Die Natur- und Kunststufe der Rechtsbildung.

Zu § 15] Das Gewohnheitsrecht ist die Naturstufe, die Gesetzgebung die Kunststufe der Rechtsbildung, entsprechend den Stufen der Volks- und Kunstpoesie. Puchta d. Gewohnheitsrecht (2 Thle.: 1828. 1837.); v. Savigny System d. R. R. I. S. 34 ff.; Kierulff Theorie des Civilrechts I. S. 6 ff.; Ihering Geist des R. R. II. § 25.

Bei jedem Culturvolk, so auch bei den Römern und Deutschen, ist der Periode der Gesetzgebung eine Periode des Gewohnheitsrechts vorangegangen. Im späteren Lebensalter der Völker verkümmert der naive Rechtstrieb, das Gewohnheitsrecht tritt dann hauptsächlich nur noch im Gerichtsbrauch (juristische Praxis, usus fori, stilus curiae), d. h. in den übereinstimmenden Aussprüchen des den Richterberuf ausübenden Juristenstandes hervor und weicht mehr und mehr dem Einfluß wissenschaftlicher Autoritäten (communis doctorum opinio). Bestritten ist, inwiefern auch die Wissenschaft als (dritte) Rechtsquelle neben der Volksüberzeugung und Gesetzgebung betrachtet werden dürfe; nur das ist unbestreitbar, daß im Leben der Culturvölker eine spätere Periode der Rechtsentwicklung vorzugsweise das wissenschaftliche Gepräge trägt. Man unterscheidet danach die Perioden des gewohnheitlichen, gesetzlichen und wissenschaftlichen Rechts, denen im Allgemeinen die drei Ausdrucksmittel: Bild, Wort und Begriff entsprechen. (s. Arnold Cultur und Rechtsleben. 1865. S. 290.)

Oft wird der Ausdruck Rechtsquellen in einem mehr äußerlichen oder antiquarischen Sinn gebraucht, indem darunter die Quellen der Rechtskunde, d. h. die einzelnen direct oder indirect überlieferten und vorhandenen Rechtsdenkmäler (Münzen, Inscriptionen, Urkunden, Handschriften) verstanden werden, aus welchen wir unsere Kenntniß früheren Rechts schöpfen. (Vergl. v. Savigny System d. R. R. I. 8. 12.) *) Vergl. Excurse zu § 177–187. No. II.

V. Kapitel.

Das System des Rechts.

(Zu § 16-19)

System. Rechtsinstitute. Aequitas.

Der Laie erblickt, indem er ein Gesetzbuch durchblättert, eben nur die einzelnen Blätter und erkennt in dem Ganzen nur eine Vielheit einzelner Titel und Artikel; anderseits erscheinen dem Laienblick viele einzelne Rechtssätze als absolut einfache Sätze, während sie in der That eine Fülle verborgner Folgesätze enthalten. Oft also, wo der Jurist Einheit wahrnimmt, sieht der Laie Vielheit, und so auch umgekehrt. (Vergl. dazu Ihering Geist d. R. R. II. S. 328 ff.)

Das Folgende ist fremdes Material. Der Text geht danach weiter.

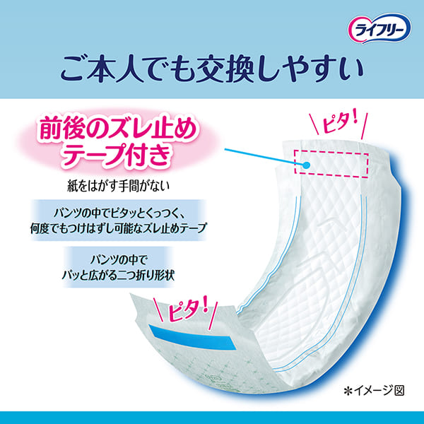 ![]() ごわごわ感が少ない「しなやかフィット設計」 横モレを防ぐ立体ギャザー ※吸収体縦方向に延びる一対のスリットにつながるくの字エンボス、 | ![]() 前後のズレ止めテープ付き パンツの中でピタッとくっつく、何度でもつけはずし可能なズレ止めテープ | ![]() おしっこ2回分:うす型・昼用 ※パッケージは予告なく変更することがあります |

Ein System läßt sich unter dem Bilde eines Kreises mit Mittelpunkt, Radien und Peripherie vorstellen, wobei der Blick der Rechtsanschauung entweder von dem Mittelpunkte (der Grundidee des Rechts) oder von der Peripherie (den einzelnen Rechtssätzen) ausgehen kann. Die Rechtssätze sind Ausstrahlungen der Rechtsidee (und bez. der Rechtsinstitute), gleichsam die äußersten Spitzen der auseinander strebenden Radien oder die Punkte in der Peripherie; also erscheint die Masse der Rechtssätze in ihrem gemeinsamen und gleichmäßigen Bezug zur Centralidee als die um diese sich ausspannende Peripherie, und die Rechtsinstitute sind die der centralen Rechtsidee zustrebenden convergirenden Vereinigungslinien der Rechtssätze.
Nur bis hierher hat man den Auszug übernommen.